● TASK OBJECTIVE: Return every line below as is, leaving out the pictures.

● INFORMATION PROVIDED:
------------------------------------

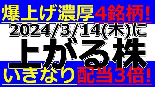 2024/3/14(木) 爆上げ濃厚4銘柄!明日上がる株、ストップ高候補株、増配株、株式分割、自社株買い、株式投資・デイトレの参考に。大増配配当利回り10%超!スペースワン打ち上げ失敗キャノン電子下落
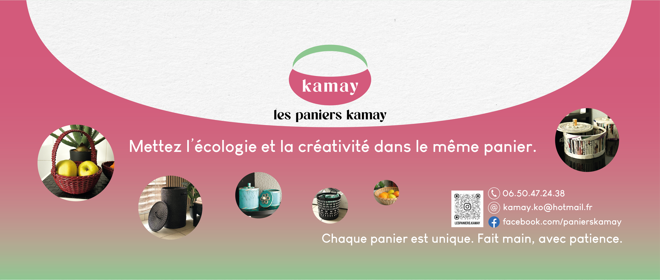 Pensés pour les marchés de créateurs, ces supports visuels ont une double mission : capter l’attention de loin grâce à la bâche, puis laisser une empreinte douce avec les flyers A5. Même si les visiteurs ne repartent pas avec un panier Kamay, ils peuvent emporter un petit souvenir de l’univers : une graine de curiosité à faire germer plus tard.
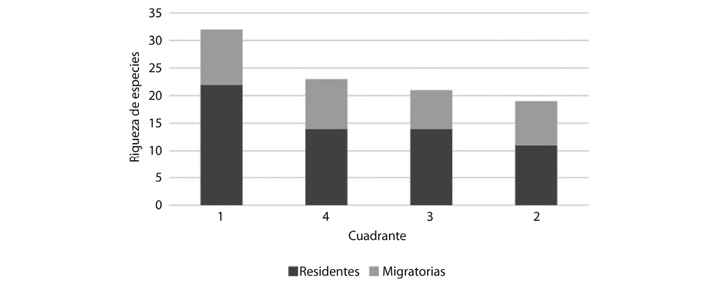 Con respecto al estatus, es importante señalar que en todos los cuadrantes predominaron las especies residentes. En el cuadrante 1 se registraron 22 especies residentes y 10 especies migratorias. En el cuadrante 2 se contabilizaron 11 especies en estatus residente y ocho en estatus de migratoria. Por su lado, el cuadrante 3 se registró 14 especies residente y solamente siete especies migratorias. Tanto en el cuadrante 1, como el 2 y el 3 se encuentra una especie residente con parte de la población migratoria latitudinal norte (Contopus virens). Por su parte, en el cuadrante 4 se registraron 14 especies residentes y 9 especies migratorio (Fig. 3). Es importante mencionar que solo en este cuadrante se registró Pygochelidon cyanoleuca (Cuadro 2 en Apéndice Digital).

------------------------------------

● SOLUTION FOR THIS EXERCISE:
 2024/3/14(木) 爆上げ濃厚4銘柄!明日上がる株、ストップ高候補株、増配株、株式分割、自社株買い、株式投資・デイトレの参考に。大増配配当利回り10%超!スペースワン打ち上げ失敗キャノン電子下落
 Pensés pour les marchés de créateurs, ces supports visuels ont une double mission : capter l’attention de loin grâce à la bâche, puis laisser une empreinte douce avec les flyers A5. Même si les visiteurs ne repartent pas avec un panier Kamay, ils peuvent emporter un petit souvenir de l’univers : une graine de curiosité à faire germer plus tard.
 Con respecto al estatus, es importante señalar que en todos los cuadrantes predominaron las especies residentes. En el cuadrante 1 se registraron 22 especies residentes y 10 especies migratorias. En el cuadrante 2 se contabilizaron 11 especies en estatus residente y ocho en estatus de migratoria. Por su lado, el cuadrante 3 se registró 14 especies residente y solamente siete especies migratorias. Tanto en el cuadrante 1, como el 2 y el 3 se encuentra una especie residente con parte de la población migratoria latitudinal norte (Contopus virens). Por su parte, en el cuadrante 4 se registraron 14 especies residentes y 9 especies migratorio (Fig. 3). Es importante mencionar que solo en este cuadrante se registró Pygochelidon cyanoleuca (Cuadro 2 en Apéndice Digital).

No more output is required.